** Opening RECORD EXCERPTS block **

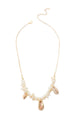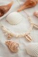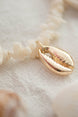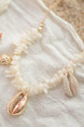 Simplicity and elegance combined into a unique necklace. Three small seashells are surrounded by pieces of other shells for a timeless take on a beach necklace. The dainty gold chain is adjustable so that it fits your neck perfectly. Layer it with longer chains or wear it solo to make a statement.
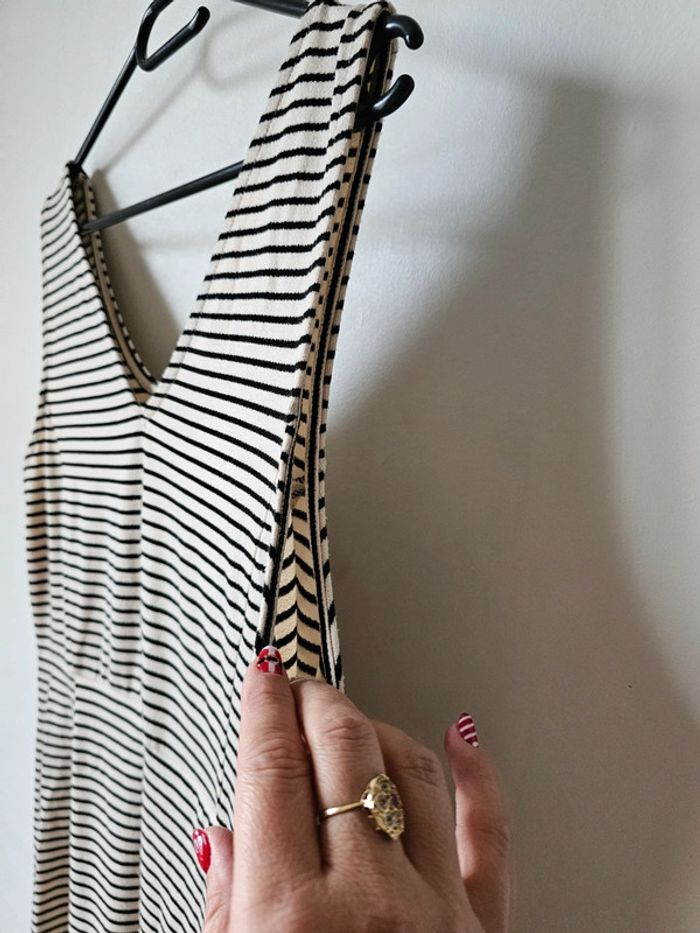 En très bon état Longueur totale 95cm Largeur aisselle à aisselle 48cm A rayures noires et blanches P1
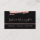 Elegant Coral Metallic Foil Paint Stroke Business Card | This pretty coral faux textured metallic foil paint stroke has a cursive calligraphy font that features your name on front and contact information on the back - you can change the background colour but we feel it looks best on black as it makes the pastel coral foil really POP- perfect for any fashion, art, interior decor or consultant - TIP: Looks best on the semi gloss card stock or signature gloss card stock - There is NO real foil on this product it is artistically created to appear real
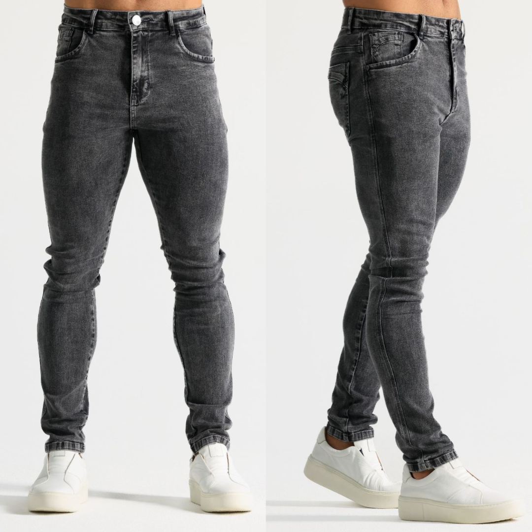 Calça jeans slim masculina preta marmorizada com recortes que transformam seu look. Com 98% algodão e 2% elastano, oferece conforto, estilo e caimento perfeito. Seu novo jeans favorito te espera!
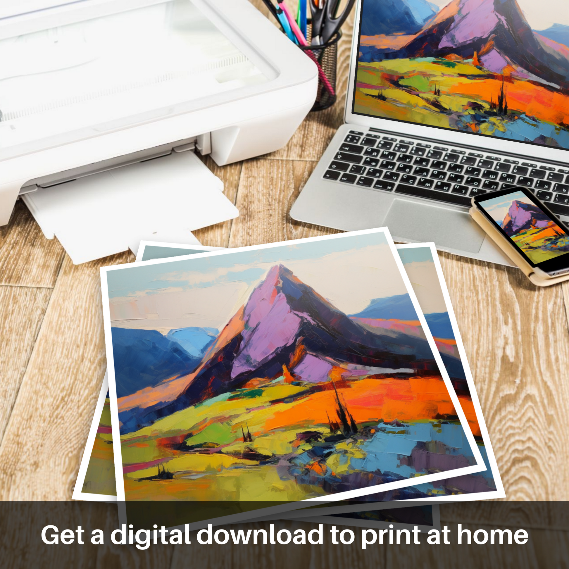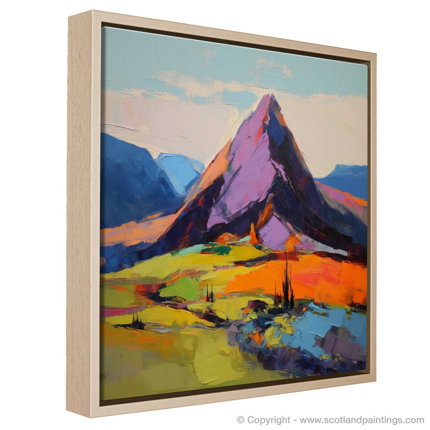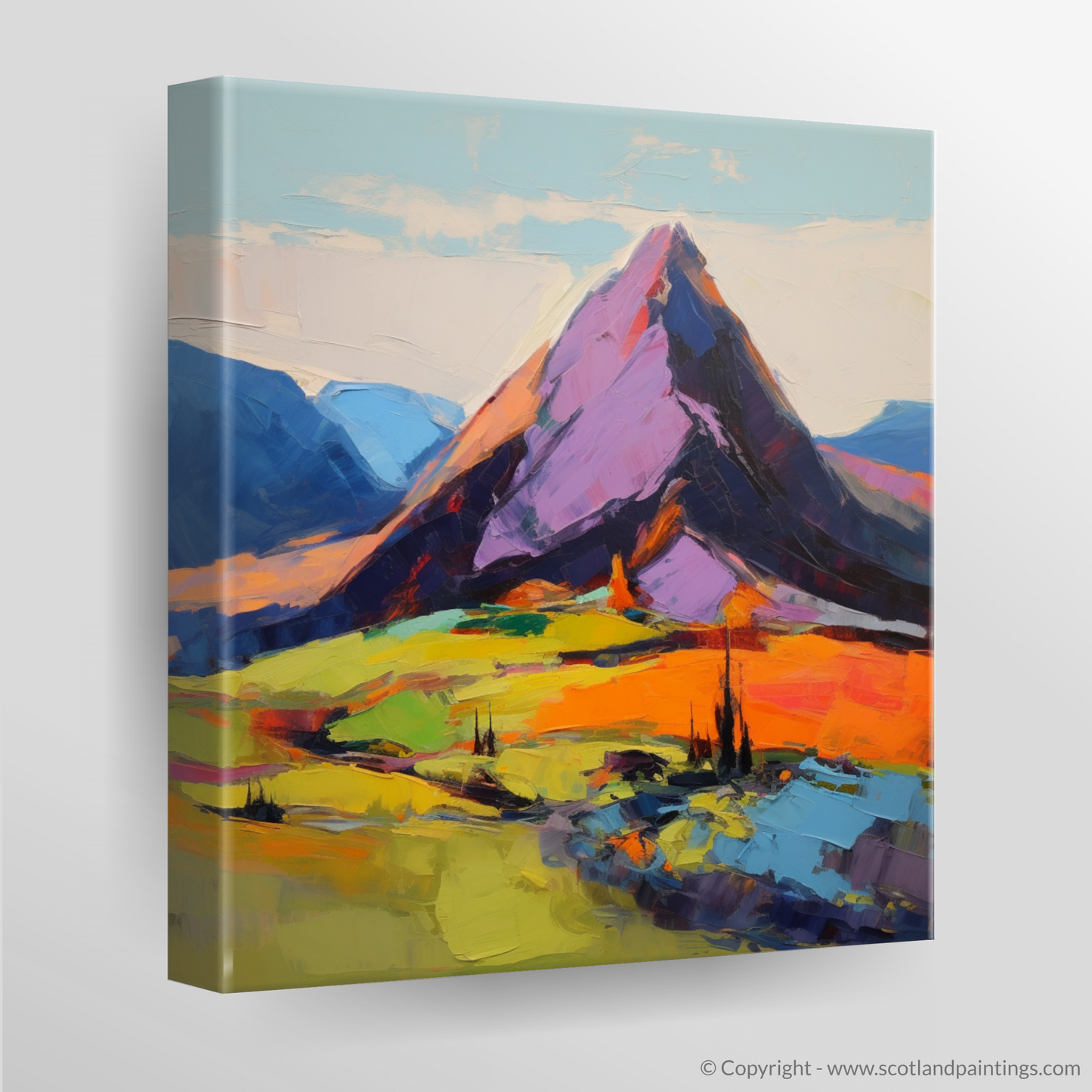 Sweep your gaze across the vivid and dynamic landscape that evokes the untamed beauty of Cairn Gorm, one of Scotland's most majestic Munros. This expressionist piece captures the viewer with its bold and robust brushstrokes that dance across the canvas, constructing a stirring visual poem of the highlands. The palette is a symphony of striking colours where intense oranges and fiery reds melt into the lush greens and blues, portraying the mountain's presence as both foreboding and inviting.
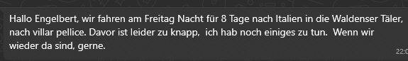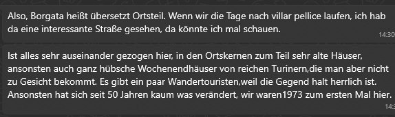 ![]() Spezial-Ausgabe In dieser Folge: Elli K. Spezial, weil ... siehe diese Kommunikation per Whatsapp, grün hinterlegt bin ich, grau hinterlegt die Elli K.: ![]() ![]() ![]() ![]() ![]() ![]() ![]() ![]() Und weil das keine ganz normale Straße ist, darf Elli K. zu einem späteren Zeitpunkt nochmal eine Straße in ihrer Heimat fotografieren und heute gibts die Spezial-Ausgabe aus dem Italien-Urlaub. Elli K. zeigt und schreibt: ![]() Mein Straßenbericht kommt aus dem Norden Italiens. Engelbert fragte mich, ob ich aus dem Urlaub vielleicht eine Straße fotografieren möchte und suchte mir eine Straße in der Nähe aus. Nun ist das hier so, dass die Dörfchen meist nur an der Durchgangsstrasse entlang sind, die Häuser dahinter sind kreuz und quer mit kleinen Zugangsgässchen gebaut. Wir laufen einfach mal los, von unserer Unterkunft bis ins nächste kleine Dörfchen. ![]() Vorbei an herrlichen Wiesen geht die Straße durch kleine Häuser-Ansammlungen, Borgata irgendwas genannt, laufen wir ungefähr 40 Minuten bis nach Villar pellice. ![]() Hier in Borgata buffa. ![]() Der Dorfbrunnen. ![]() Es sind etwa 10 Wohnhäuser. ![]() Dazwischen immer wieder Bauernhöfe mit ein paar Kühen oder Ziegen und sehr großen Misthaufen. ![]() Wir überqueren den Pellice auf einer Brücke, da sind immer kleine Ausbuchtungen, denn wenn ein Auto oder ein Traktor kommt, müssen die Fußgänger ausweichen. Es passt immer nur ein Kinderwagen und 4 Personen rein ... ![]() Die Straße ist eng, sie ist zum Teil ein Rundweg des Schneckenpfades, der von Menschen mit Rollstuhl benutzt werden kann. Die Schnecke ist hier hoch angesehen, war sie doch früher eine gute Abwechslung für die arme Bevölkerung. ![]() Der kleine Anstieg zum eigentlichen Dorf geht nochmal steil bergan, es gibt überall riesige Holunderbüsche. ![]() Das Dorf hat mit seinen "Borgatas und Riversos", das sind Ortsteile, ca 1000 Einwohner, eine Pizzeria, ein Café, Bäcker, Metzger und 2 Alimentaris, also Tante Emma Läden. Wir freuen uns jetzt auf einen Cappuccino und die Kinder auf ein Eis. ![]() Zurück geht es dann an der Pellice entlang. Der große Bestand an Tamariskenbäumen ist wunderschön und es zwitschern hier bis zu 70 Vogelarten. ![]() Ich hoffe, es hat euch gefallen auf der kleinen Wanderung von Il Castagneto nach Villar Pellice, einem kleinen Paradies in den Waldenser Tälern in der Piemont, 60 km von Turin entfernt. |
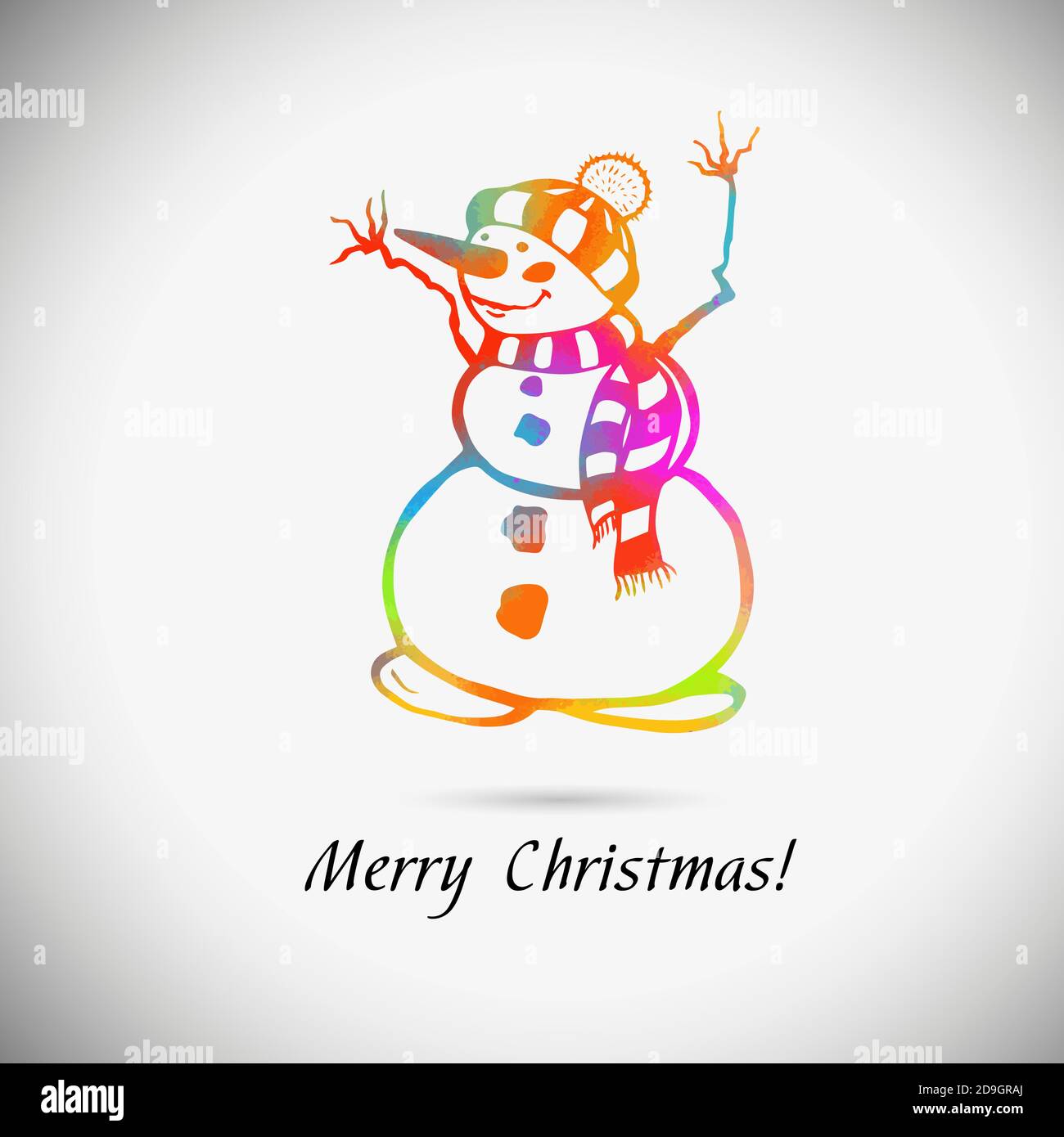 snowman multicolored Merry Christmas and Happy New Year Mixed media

** Closing RECORD EXCERPTS block **

— TASK TO CARRY OUT —
I would like the exact lines from the data above, starting with the one that holds "En très bon" and going on through the one that holds "Calça jeans slim", without the pictures.

— ANSWER BELOW —
 En très bon état Longueur totale 95cm Largeur aisselle à aisselle 48cm A rayures noires et blanches P1
 Elegant Coral Metallic Foil Paint Stroke Business Card | This pretty coral faux textured metallic foil paint stroke has a cursive calligraphy font that features your name on front and contact information on the back - you can change the background colour but we feel it looks best on black as it makes the pastel coral foil really POP- perfect for any fashion, art, interior decor or consultant - TIP: Looks best on the semi gloss card stock or signature gloss card stock - There is NO real foil on this product it is artistically created to appear real
 Calça jeans slim masculina preta marmorizada com recortes que transformam seu look. Com 98% algodão e 2% elastano, oferece conforto, estilo e caimento perfeito. Seu novo jeans favorito te espera!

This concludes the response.